Plugged In: Connecting price, performance in business networks

By Joe Kashi, for the Redoubt Reporter

I’ve just been told that I’m sounding vexed and frustrated. That’s no doubt true — I’ve spent the past 24 hours seeking the perfect small-business networking computer at an affordable price.

It apparently doesn’t exist. Sooner or later, most business owners and many photo enthusiasts will bump into the same problem.

I don’t know enough about Apple to have an opinion about options among those products. In the PC realm, I’ve found vendors, such as Dell, that charge more than four times the going cost for a basic business hard disk, and OEM manufacturers, like Intel, that deliberately cripple otherwise-affordable, business-computing hardware by eliminating highly desirable features typically included with much less-expensive consumer products.

As I searched, I found myself wondering why business-oriented computing products usually had fewer features and slower performance than consumer products where it mattered most — writing and reading large amounts of data. While I’ve not yet found an entirely satisfactory, yet affordable, business-oriented system, I can recommend some important basic features that every computer buyer, whether businessperson, gamer or photographer, should include with their next computing purchase.

I started down this path innocently enough, planning to complete last week’s discussion of how personal participation in the arts benefits both individuals and their community. Unfortunately, while starting a routine data backup Sunday afternoon, I noticed that one of the four data-storage hard disks on my office’s central file server computer was operating erratically. Because I built a redundant disk array into that file server, there was no data loss and the network continued to operate normally, at least for the moment.
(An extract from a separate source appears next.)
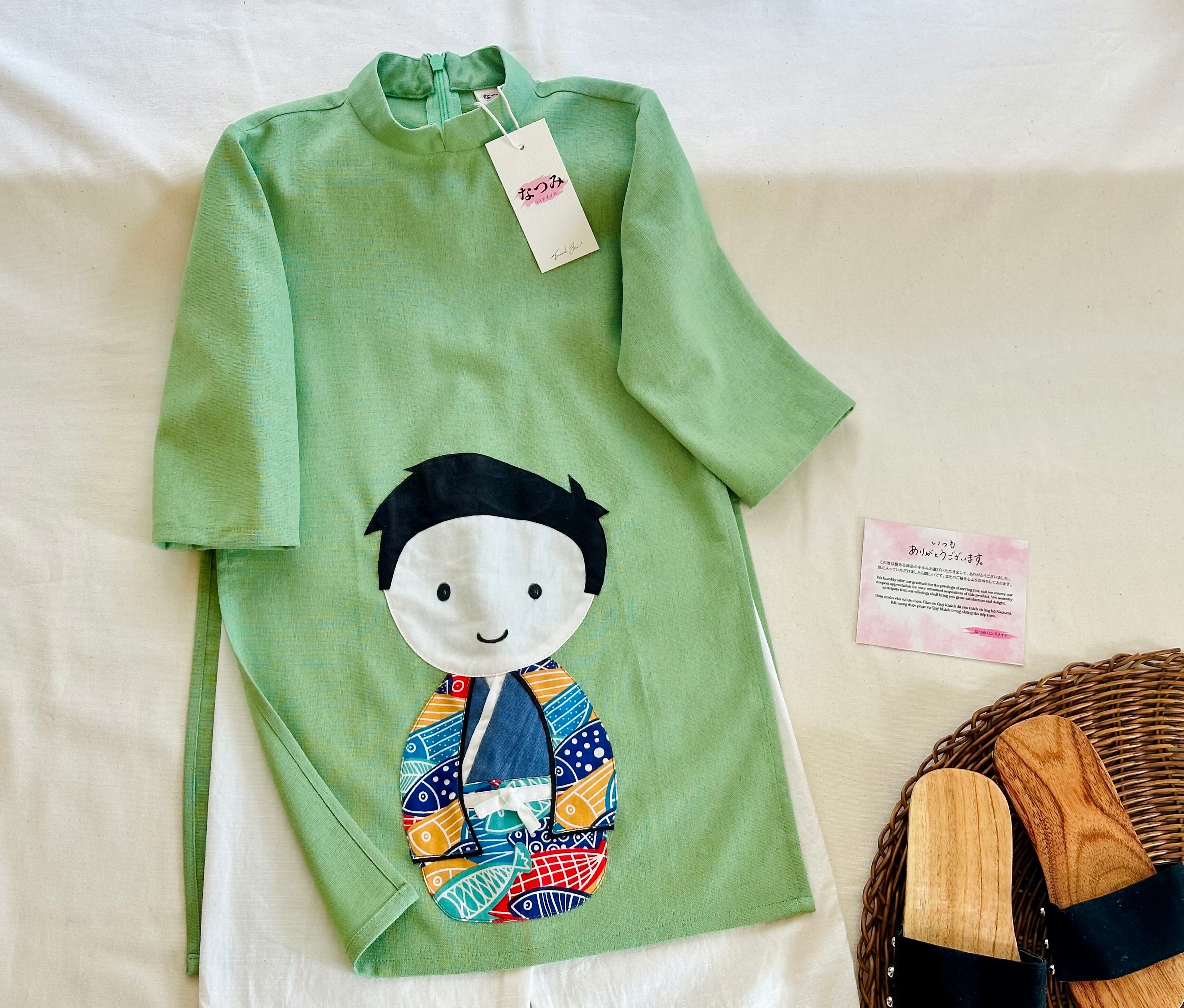 こちらの子供用アオザイは、普段着としても楽しめるように、ワンピースのような可愛らしいデザインに仕上げました。

However, ignoring a “critical disk warning” is certainly not prudent. After repairing the problem, I decided to upgrade that system while it was still working well.
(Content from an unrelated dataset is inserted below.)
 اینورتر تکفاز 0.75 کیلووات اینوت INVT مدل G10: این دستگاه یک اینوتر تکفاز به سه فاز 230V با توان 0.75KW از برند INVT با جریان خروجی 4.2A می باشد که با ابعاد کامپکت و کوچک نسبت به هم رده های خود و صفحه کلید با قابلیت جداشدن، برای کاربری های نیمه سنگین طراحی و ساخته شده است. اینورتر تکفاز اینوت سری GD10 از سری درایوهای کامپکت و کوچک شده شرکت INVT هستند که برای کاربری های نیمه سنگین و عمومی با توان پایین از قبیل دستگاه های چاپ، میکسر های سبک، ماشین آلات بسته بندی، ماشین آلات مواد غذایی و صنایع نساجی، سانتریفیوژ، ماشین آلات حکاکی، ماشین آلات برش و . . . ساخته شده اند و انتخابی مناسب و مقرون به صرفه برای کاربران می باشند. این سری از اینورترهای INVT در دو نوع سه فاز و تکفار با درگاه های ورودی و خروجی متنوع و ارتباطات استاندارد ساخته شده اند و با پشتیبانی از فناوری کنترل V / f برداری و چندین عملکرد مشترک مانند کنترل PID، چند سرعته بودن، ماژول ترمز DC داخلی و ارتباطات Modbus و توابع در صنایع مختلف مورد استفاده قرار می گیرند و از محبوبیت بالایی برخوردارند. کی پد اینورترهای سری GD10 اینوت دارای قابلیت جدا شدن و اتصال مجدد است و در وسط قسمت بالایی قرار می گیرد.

Generally, it’s good practice to replace the critical components of any business or home network’s central file server computer every 18 to 24 months. These computers are the foundation of every modern business computer system, centrally storing the data used by all other connected computers. Sophisticated users often use a high-storage network at home to store and feed streamed movies, music and other entertainment to all home users.
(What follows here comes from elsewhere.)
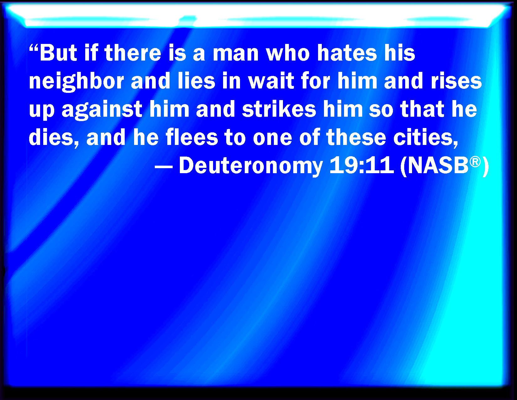 Bible Verse Slide Deuteronomy 19:11 But if any man hate his neighbor, and lie in wait for him, and rise up against him, and smite him mortally that he die, and flees into one of these cities: KJV: But if any man hate his neighbour, and lie in wait for him, and rise up against him, and smite him mortally that he die, and fleeth into one of these cities: DRB: But if any man hating his neighbour, lie in wait for his life, and rise and strike him, and he die, and he flee to one of the cities aforesaid, DBT: But if a man hate his neighbour, and lie in wait for him, and rise up against him, and smite him mortally that he die, and he flee into one of these cities, ERV: But if any man hate his neighbour, and lie in wait for him, and rise up against him, and smite him mortally that he die; and he flee into one of these cities: WBT: But if any man shall hate his neighbor, and lie in wait for him, and rise up against him, and smite him mortally, that he dieth, and he shall flee into one of these cities: WEB: But if any man hates his neighbor, and lies in wait for him, and rises up against him, and strikes him mortally so that he dies, and he flees into one of these cities; YLT: And when a man is hating his neighbour, and hath lain in wait for him, and risen against him, and smitten him — the life, and he hath died, and he hath fled unto one of these cities,Links Deuteronomy 19:11 NIV • Deuteronomy 19:11 NLT • Deuteronomy 19:11 ESV • Deuteronomy 19:11 NASB • Deuteronomy 19:11 KJV • Deuteronomy 19:11 Interlinear • Deuteronomy 19:11 Commentaries • Deuteronomy 19:11 Parallel Texts • Deuteronomy 19:11 Bible Apps • Deuteronomy 19:11 Parallel • Bible Hub |

Because they’re more heavily used, central file server computers should be replaced more frequently. Regular replacement is far less expensive than the data loss and disruption inevitably occurring from an unplanned system shutdown.

Business owners and home networks have somewhat different needs than the average photo enthusiast or gamer, requiring highly reliable storage and uninterrupted operation but only minimal video and computing capabilities. Otherwise, the basic features desirable in a small business or home network’s central file server computer are similar to what a photo enthusiast or gamer finds useful.

Generally, computing hardware is a mature technology characterized by slowly decreasing costs and minimal performance improvements. As a result, high-performance, high-storage computing has become affordable, probably costing less than a single good lens.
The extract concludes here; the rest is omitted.